The cash-strapped BBC World Service has a new patron: The United States State Department. The State Department has made an informal arrangement to send hundreds of thousands of dollars to the BBC in order to develop high-tech anti-jamming tools for television and internet services. It appears the money is being spent to help the BBC World Service circumvent China's "Great Firewall."
At the moment, the BBC World Service is being jammed in China, Libya, Iran and a host of other nations. While the amount of money—described by The Guardian as a "low six-figure sum" (in British pounds?)—might sound small, the BBC World Service is currently in financial shambles following austerity measures and defunding. Fast Company has previously reported on how the BBC was forced to cut Arabic-language services in the midst of the Egyptian revolution by budgetary concerns.
The State Department will be sending the money from Washington to London to pay for multiple high-tech anti-jamming services.
Although statement could not be obtained from the BBC as of press time, a little digging indicates that much of the new anti-jamming package appears to be aimed at China. On March 9, BBC Global News director Peter Horrocks told Parliament:
We are investing, and will shortly be making announcements about, new circumvention technology that helps users on the internet to get round some of the blocks put in the so-called great firewall of China. We have received funding—interestingly, from the US Government, rather than from the UK Government—in relation to researching that. Our technologists are developing techniques that will at least help those who seek out our content online.
The BBC is expected to make a formal announcement on May 3, World Press Freedom Day.
Software currently used by the BBC World Service to detect hostile governments around the world blocking their websites will be significantly upgraded. The new programs will have far more sensitive—and far more frequently updated—information on user metrics that will aggregate drastic drops in service country-by-country, something that has been a bit of a weak spot for them in the past. According to The Guardian's Ben Dowell, the BBC World Service is currently forced to rely on reports from foreign users in order to find out about government blockages—their metrics dashboard apparently does not have the capability right now.
Additional funding will help pay for a network of proxy servers in undisclosed foreign countries that will allow citizens living under repressive regimes to access BBC websites. Although Iran has regularly blocked access to the BBC Persian website in the past, China is the best-known practitioner of internet-addressed based censorship.
Most interestingly, part of the sum will also be dedicated to implementing specialized anti-television and radio jamming services for the BBC. While the BBC has not been forthcoming on the technologies they'll use to beam television signals onto sets located in hostile regimes, it's safe to make some educated guesses about how they will do it. Jamming of terrestrial and satellite television signals, along with radio signals, can be defeated with complicated antenna and software-based solutions.
Other funds will be dedicated to a propaganda campaign centered around educating BBC World Service users on the basics of using proxy servers and how to educate non-computer savvy listeners on the basics of accessing the Beeb via computer workarounds.
While the idea of the United States government funding a British government radio station may seem to reek of a conflict of interest or of the BBC colluding with American aims, the decision is not surprising by any means.
Industry analyst Kim Andrew Elliott has noticed that USAID has been sending the BBC World Service Trust funds in order to help Nigerian radio stations replace "dilapidated equipment" back in February.
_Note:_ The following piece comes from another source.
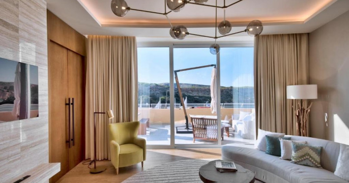 Suita cu vedere la mare - dormitor si living separat cu chicineta, vedere la mare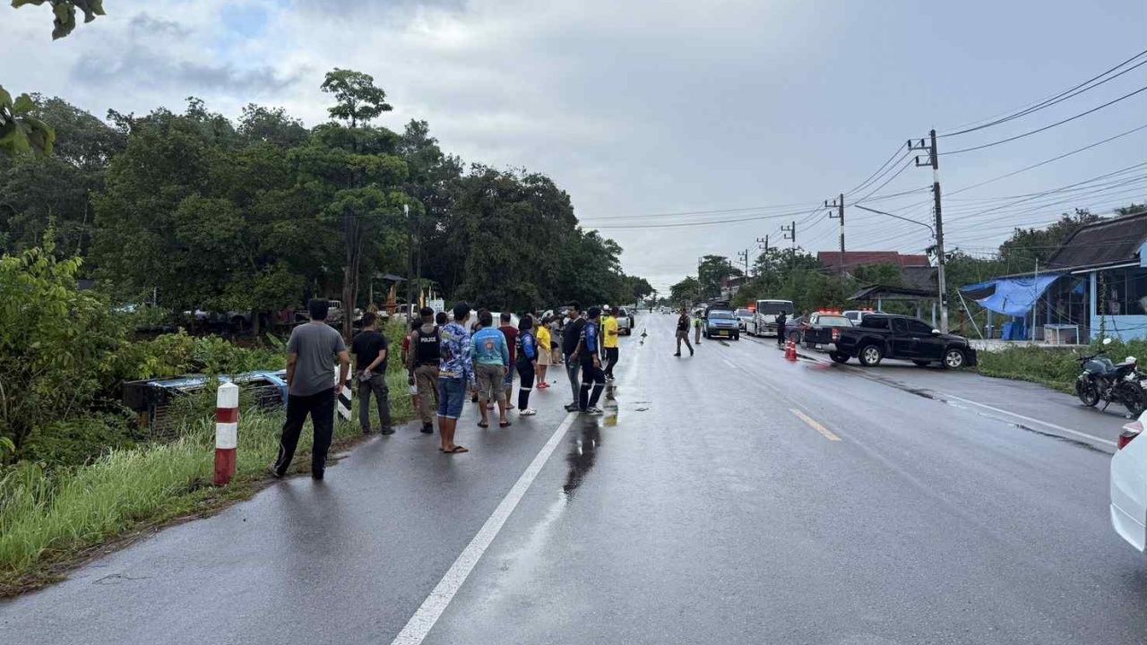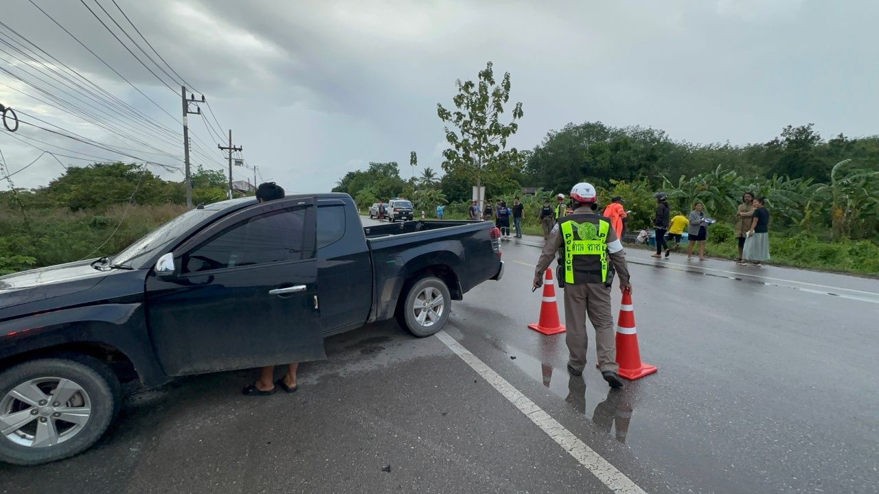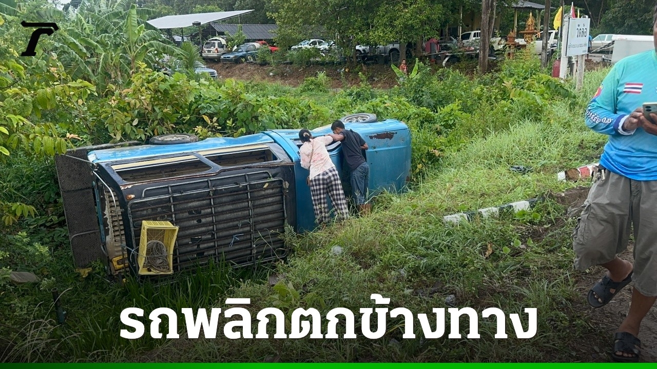 ฝนตกถนนลื่น กระบะเสียหลัก ไถลเบียด "รถสองแถว" โดยสารนักเรียน พลิกตะแคงตกคูข้างทาง พื้นที่ จ.พัทลุง ส่งผลให้บาดเจ็บ รวม 18 ราย

USAID is a government agency providing economy and humanitarian assistance around the world. This means that USAID was, essentially, funding British public diplomacy.
The BBC World Service's recent budget cuts mean that finding new funding solutions have been a priority for the news agency. But for the British, having the American government fund technological innovation at a beloved (and partially publicly funded) institution may open a Pandora's Box of future issues.